RECORDS FOR THE EXERCISE -
◆ ◆ ◆ ◆

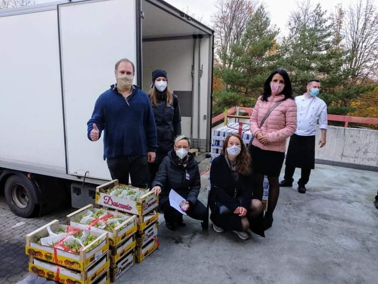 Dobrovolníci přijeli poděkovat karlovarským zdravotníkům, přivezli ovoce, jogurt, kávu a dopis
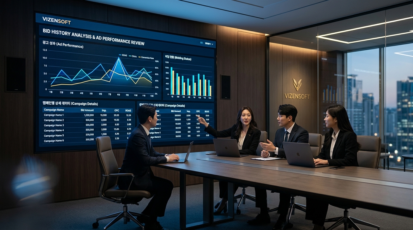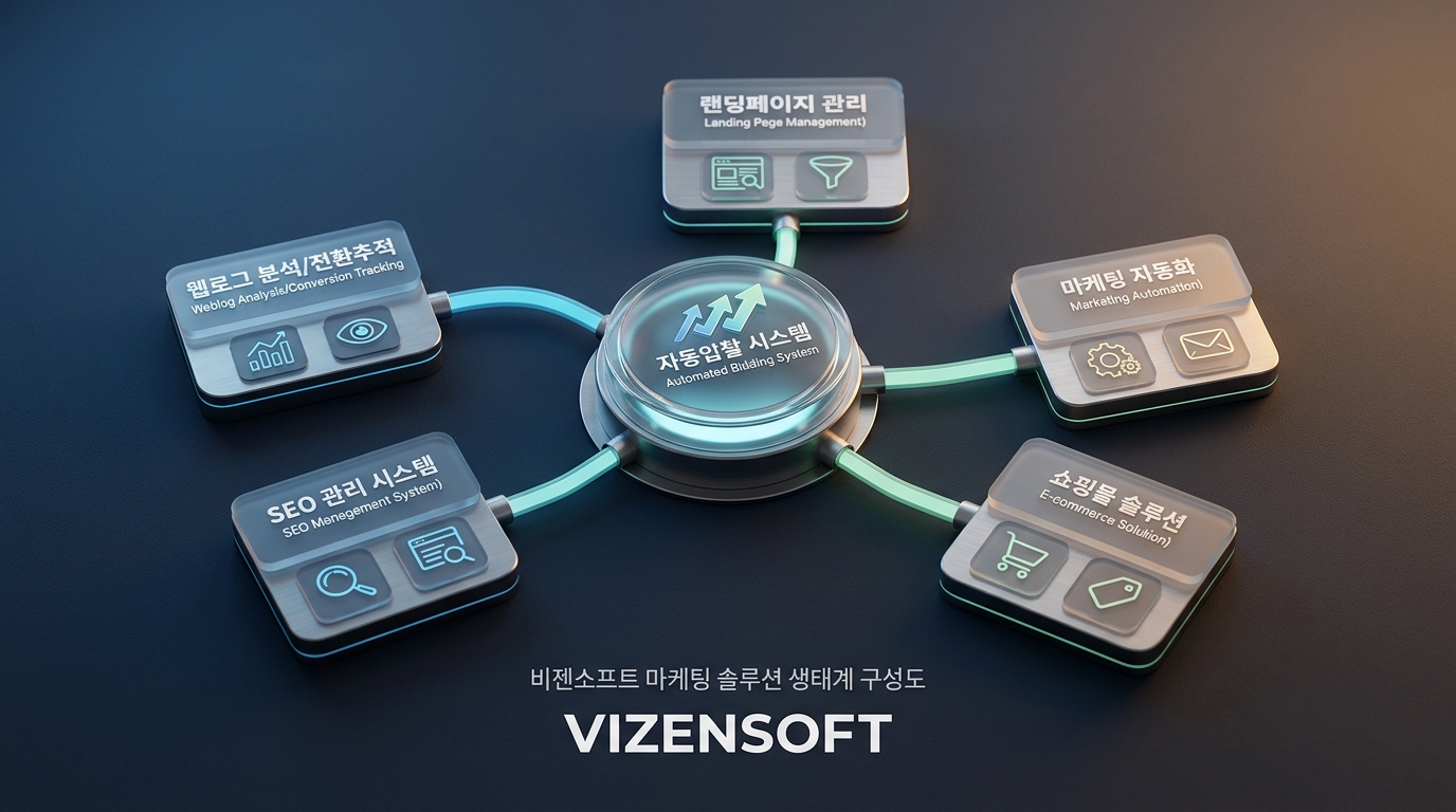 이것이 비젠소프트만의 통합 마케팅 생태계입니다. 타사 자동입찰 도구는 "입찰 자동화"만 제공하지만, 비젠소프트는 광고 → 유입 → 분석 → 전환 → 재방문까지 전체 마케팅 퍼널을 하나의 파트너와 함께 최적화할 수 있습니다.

◆ ◆ ◆ ◆

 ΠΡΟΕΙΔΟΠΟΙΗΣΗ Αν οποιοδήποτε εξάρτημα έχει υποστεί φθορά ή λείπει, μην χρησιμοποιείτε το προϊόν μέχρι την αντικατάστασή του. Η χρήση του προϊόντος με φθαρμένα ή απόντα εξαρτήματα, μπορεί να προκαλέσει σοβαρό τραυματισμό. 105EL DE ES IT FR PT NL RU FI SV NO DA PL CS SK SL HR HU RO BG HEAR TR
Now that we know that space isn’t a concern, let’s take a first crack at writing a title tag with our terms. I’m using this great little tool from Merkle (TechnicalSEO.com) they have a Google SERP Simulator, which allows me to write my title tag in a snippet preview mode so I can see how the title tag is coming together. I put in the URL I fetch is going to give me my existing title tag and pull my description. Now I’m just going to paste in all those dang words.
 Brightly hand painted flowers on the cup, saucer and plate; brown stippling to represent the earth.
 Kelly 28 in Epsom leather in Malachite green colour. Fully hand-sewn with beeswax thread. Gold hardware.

◆ ◆ ◆ ◆

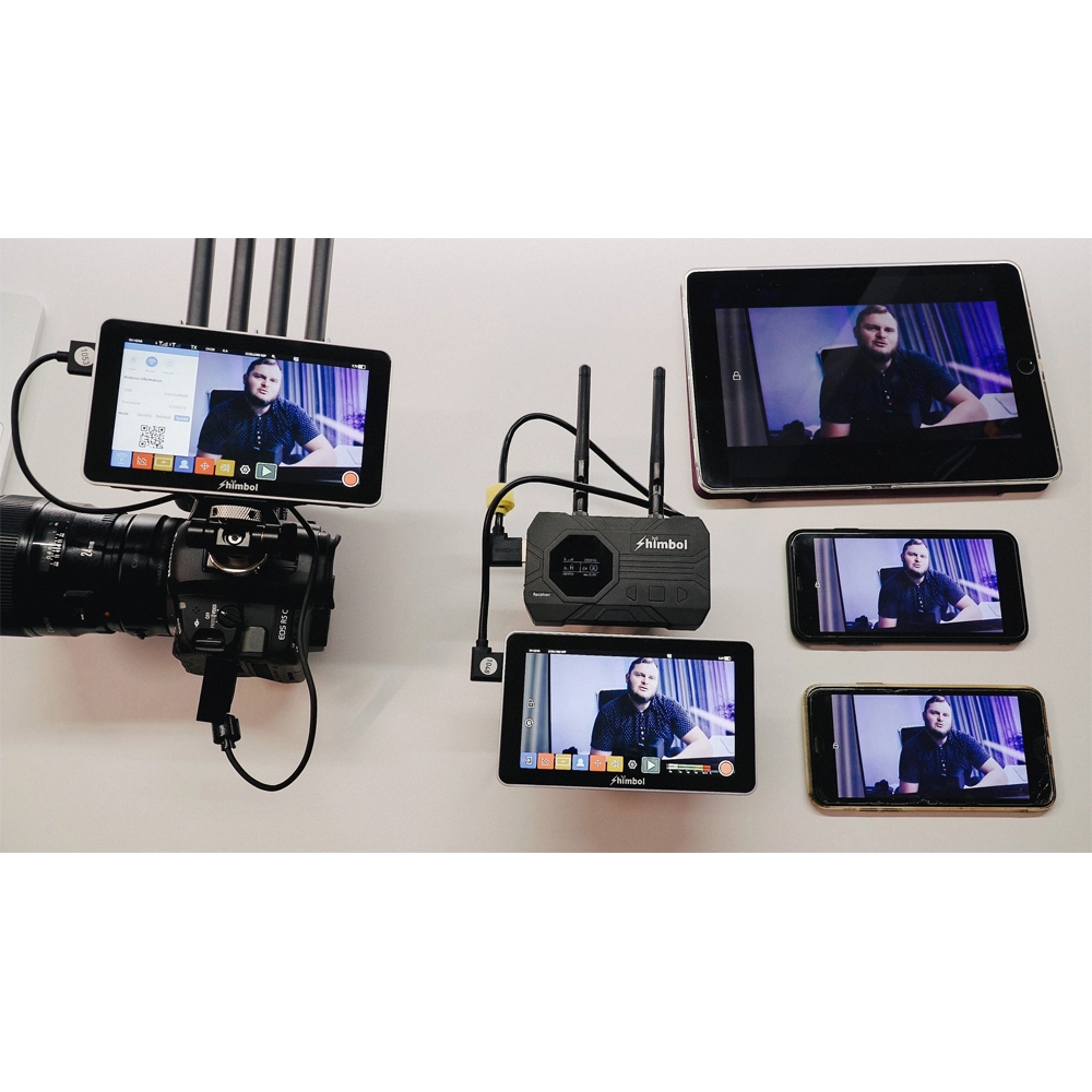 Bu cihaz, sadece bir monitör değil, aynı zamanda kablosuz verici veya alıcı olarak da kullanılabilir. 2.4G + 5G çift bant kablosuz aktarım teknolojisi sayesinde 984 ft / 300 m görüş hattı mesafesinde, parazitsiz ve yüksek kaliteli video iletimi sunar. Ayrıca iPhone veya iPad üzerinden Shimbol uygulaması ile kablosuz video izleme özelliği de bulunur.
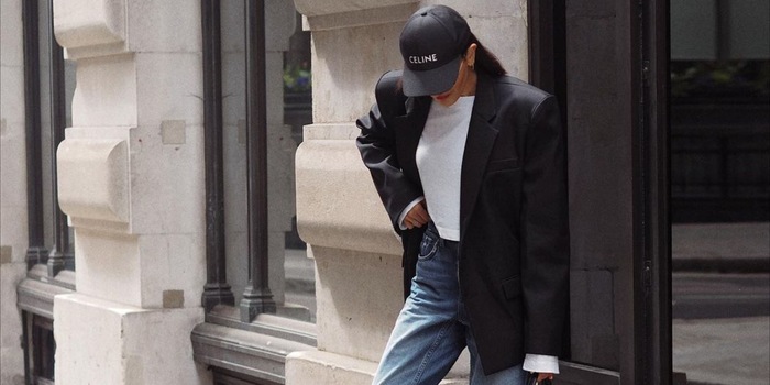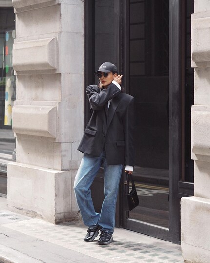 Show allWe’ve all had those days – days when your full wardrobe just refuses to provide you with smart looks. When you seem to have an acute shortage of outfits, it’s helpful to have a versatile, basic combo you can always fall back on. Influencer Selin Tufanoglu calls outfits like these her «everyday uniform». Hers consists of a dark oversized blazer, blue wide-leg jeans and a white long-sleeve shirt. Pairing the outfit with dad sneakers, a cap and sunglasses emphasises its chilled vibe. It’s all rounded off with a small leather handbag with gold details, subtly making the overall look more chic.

◆ ◆ ◆ ◆

Everything from the line above that contains "Dobrovolníci přijeli poděkovat" down to the line that contains "이것이 비젠소프트만의 통합" must be reproduced exactly, both ends included. Omit the pictures.

 Dobrovolníci přijeli poděkovat karlovarským zdravotníkům, přivezli ovoce, jogurt, kávu a dopis
 이것이 비젠소프트만의 통합 마케팅 생태계입니다. 타사 자동입찰 도구는 "입찰 자동화"만 제공하지만, 비젠소프트는 광고 → 유입 → 분석 → 전환 → 재방문까지 전체 마케팅 퍼널을 하나의 파트너와 함께 최적화할 수 있습니다.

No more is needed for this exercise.